Download British Women s Writing 1930 to 1960 Book in PDF, Epub and Kindle

This volume contributes to the vibrant, ongoing recuperative work on women’s writing by shedding new light on a group of authors commonly dismissed as middlebrow in their concerns and conservative in their styles and politics. The neologism ‘interfeminism’ – coined to partner Kristin Bluemel’s ‘intermodernism’ – locates this group chronologically and ideologically between two ‘waves’ of feminism, whilst also forging connections between the political and cultural monoliths that have traditionally overshadowed them. Drawing attention to the strengths of this ‘out-of-category’ writing in its own right, this volume also highlights how intersecting discourses of gender, class and society in the interwar and postwar periods pave the way for the bold reassessments of female subjectivity that characterise second and third wave feminism. The essays showcase the stylistic, cultural and political vitality of a substantial group of women authors of fiction, non-fiction, drama, poetry and journalism including Vera Brittain, Storm Jameson, Nancy Mitford, Phyllis Shand Allfrey, Rumer Godden, Attia Hosain, Doris Lessing, Kamala Markandaya, Susan Ertz, Marghanita Laski, Elizabeth Bowen, Edith Pargeter, Eileen Bigland, Nancy Spain, Vera Laughton Matthews, Pamela Hansford Johnson, Dorothy Whipple, Elizabeth Taylor, Daphne du Maurier, Barbara Comyns, Shelagh Delaney, Stevie Smith and Penelope Mortimer. Additional exploration of the popular magazines Woman’s Weekly and Good Housekeeping and new material from the Vera Brittain archive add an innovative dimension to original readings of the literature of a transformative period of British social and cultural history. List of contributors: Natasha Periyan, Eleanor Reed, Maroula Joannou , Lola Serraf, Sue Kennedy, Ana Ashraf, Chris Hopkins, Gill Plain, Lucy Hall, Katherine Cooper, Nick Turner, Maria Elena Capitani, James Underwood, and Jane Thomas.

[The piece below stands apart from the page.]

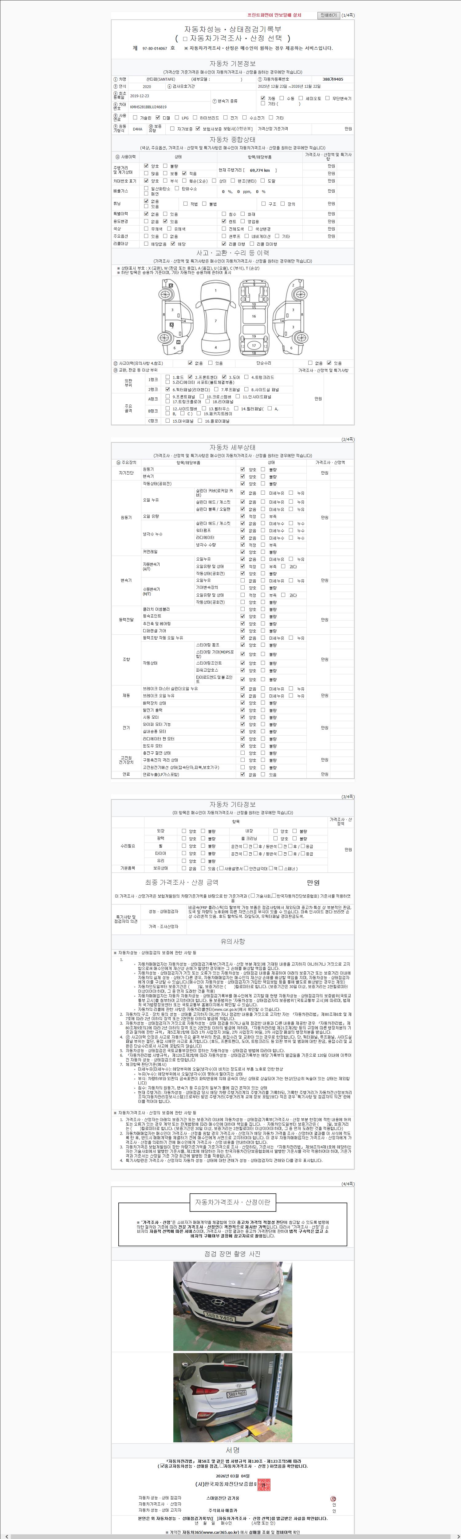 | 주행거리 | 69,684 km | 차량번호 | 388가9405 | 사고유무 | 성능기록부 참조 | 제시번호 | 제 2147483647 호 |

The Nation in British Literature and Culture

The Nation in British Literature and Culture
Author: Andrew Murphy
Publsiher: Cambridge University Press
Total Pages: 662
Release: 2023-07-31
Genre: Literary Criticism
ISBN: 9781009378833

Download The Nation in British Literature and Culture Book in PDF, Epub and Kindle

The Nation and British Literature and Culture charts the emergence of Britain as a political, social and cultural construct, examining the manner in which its constituent elements were brought together through a process of amalgamation and conquest. The fashioning of the nation through literature and culture is examined, as well as counter narratives that have sought to call national orthodoxies into question. Specific topics explored include the emergence of a distinctively national literature in the early modern period; the impact of French Revolution on conceptions of Britishness; portrayals of empire in popular and literary fiction; popular music and national imagining; the marginalisation and oppression of particular communities within the nation. The volume concludes by asking what implications an extended set of contemporary crises have for the ongoing survival both of the United Kingdom, both as a political unit and as a literary and cultural point of identity.